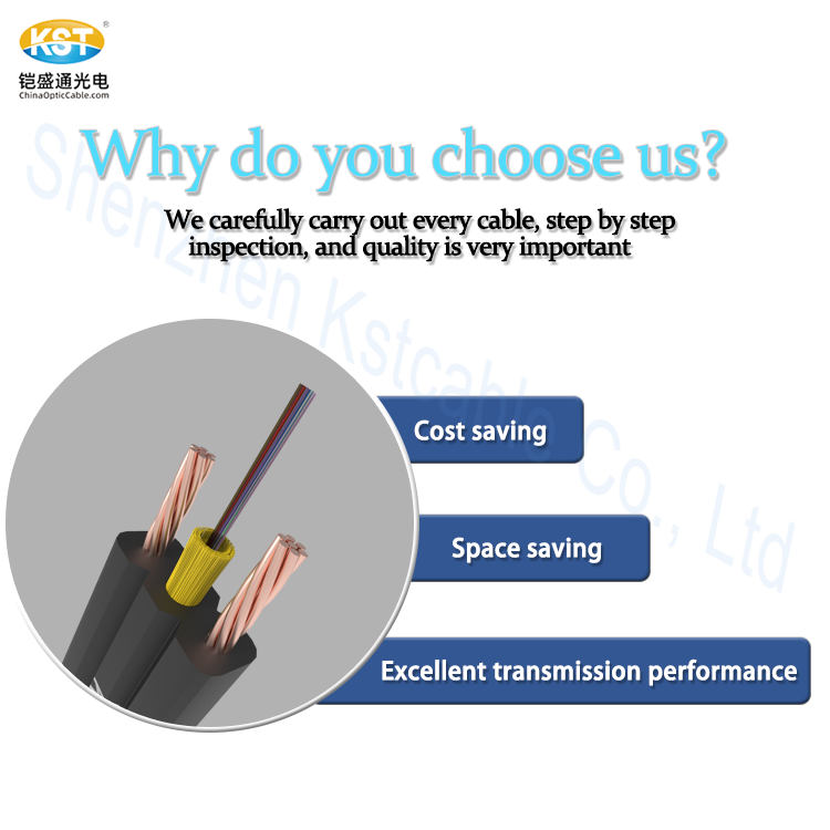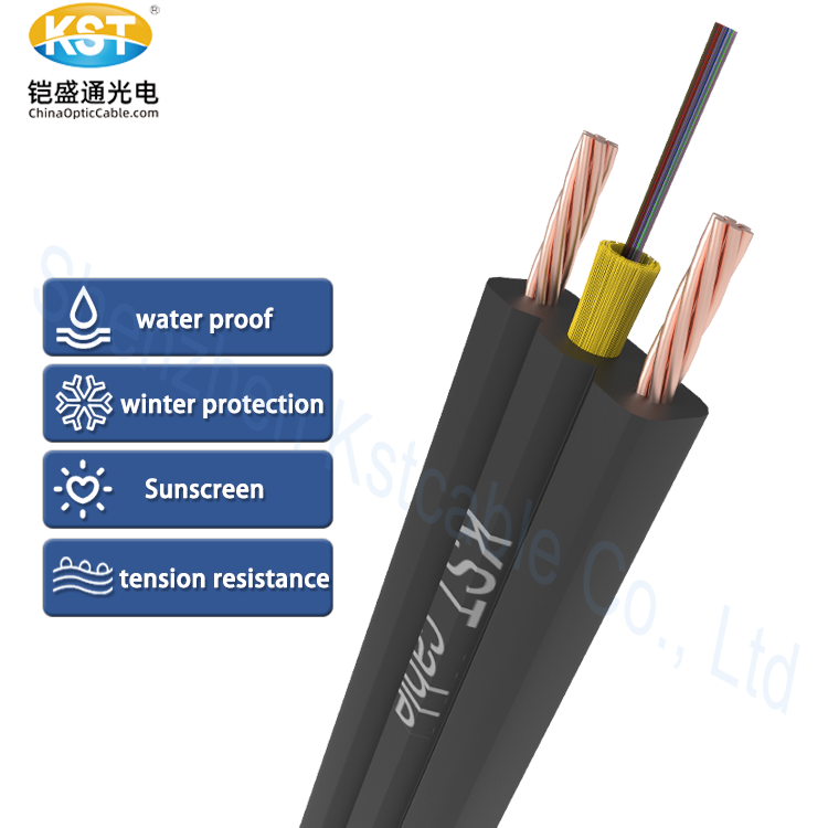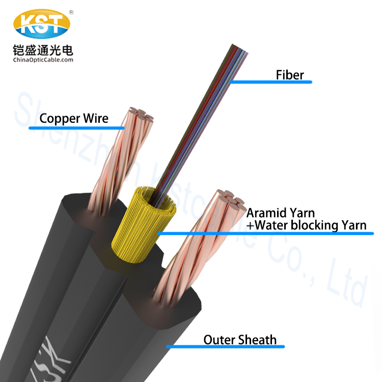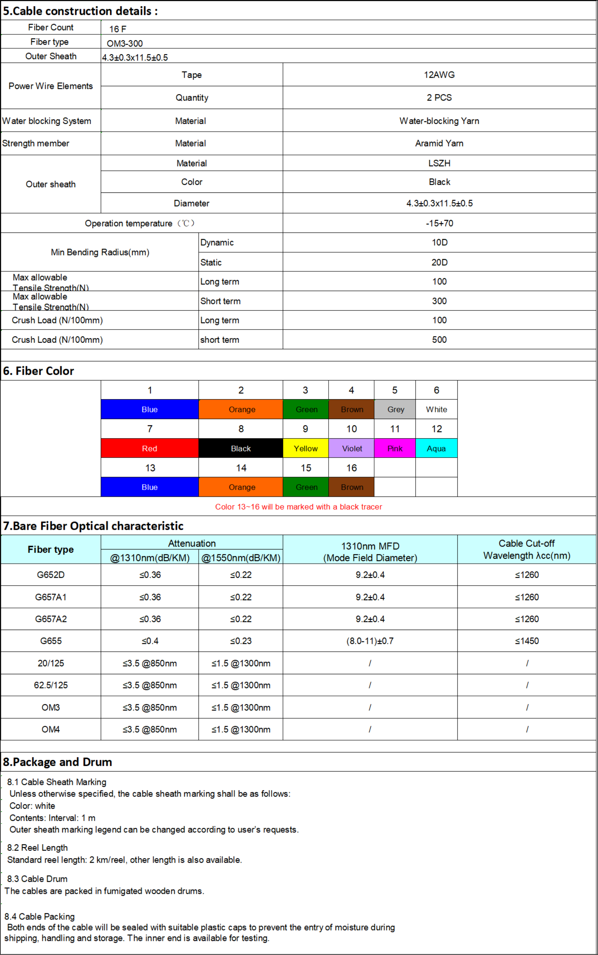 L'unité fonctionnelle jaune avec 16 fibres au milieu, et le fil d'aramide et le fil de blocage d'eau renforcent la résistance à la traction du câble, la fonction principale de l'unité jaune est la transmission du signal ; 2 éléments de fil de cuivre torsadés sont des deux côtés du câble, la fonction principale du fil de cuivre est conductrice et de mise à la terre ; le summum du câble est une gaine extérieure LSZH, complétant ainsi un câble à fibres optiques intégré
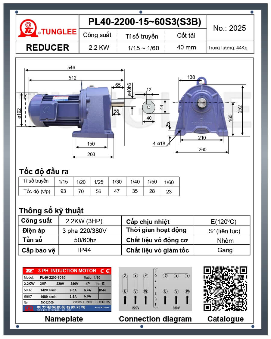 Tunglee PL40-2200-20S3 là dòng motor giảm tốc chân đế công suất 2.2kW, được thiết kế tối ưu cho các hệ thống truyền động cần hoạt động liên tục, ổn định và bền bỉ trong nhiều năm.
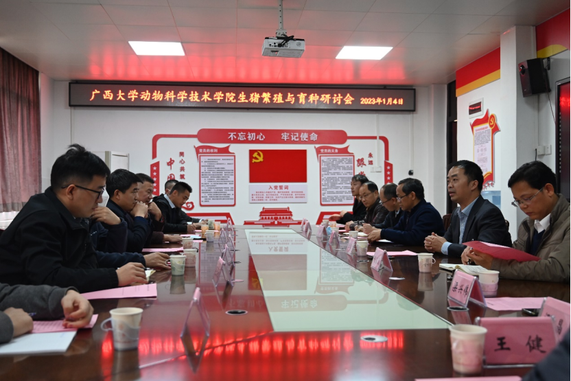 2023年1月4日,新年伊始,在動科院302會議室舉辦了“2022生物資源保護與利用國際產(chǎn)學(xué)研用合作會議”的主題研討會“生豬繁殖與育種研討會”。參加研討會人員有動科院領(lǐng)導(dǎo)陸陽清常務(wù)副院長、何家康副院長、韋祖樟副院長及骨干教師,河南守望之境科技有限公司創(chuàng)始人劉洪波博士,區(qū)內(nèi)養(yǎng)豬企業(yè)育種主要負(fù)責(zé)人趙云翔、司景磊、何昭友等,大家圍繞生豬繁殖與育種主題,分別從繁殖育種、飼料營養(yǎng)、疫病防控、生產(chǎn)管理角度展開了熱烈討論。

---------------

## [YOUR GOAL]
Only the pictures are to be left out; the rest of the material above should be printed verbatim.

## [EXERCISE SOLUTION]
 L'unité fonctionnelle jaune avec 16 fibres au milieu, et le fil d'aramide et le fil de blocage d'eau renforcent la résistance à la traction du câble, la fonction principale de l'unité jaune est la transmission du signal ; 2 éléments de fil de cuivre torsadés sont des deux côtés du câble, la fonction principale du fil de cuivre est conductrice et de mise à la terre ; le summum du câble est une gaine extérieure LSZH, complétant ainsi un câble à fibres optiques intégré
 Tunglee PL40-2200-20S3 là dòng motor giảm tốc chân đế công suất 2.2kW, được thiết kế tối ưu cho các hệ thống truyền động cần hoạt động liên tục, ổn định và bền bỉ trong nhiều năm.
 2023年1月4日,新年伊始,在動科院302會議室舉辦了“2022生物資源保護與利用國際產(chǎn)學(xué)研用合作會議”的主題研討會“生豬繁殖與育種研討會”。參加研討會人員有動科院領(lǐng)導(dǎo)陸陽清常務(wù)副院長、何家康副院長、韋祖樟副院長及骨干教師,河南守望之境科技有限公司創(chuàng)始人劉洪波博士,區(qū)內(nèi)養(yǎng)豬企業(yè)育種主要負(fù)責(zé)人趙云翔、司景磊、何昭友等,大家圍繞生豬繁殖與育種主題,分別從繁殖育種、飼料營養(yǎng)、疫病防控、生產(chǎn)管理角度展開了熱烈討論。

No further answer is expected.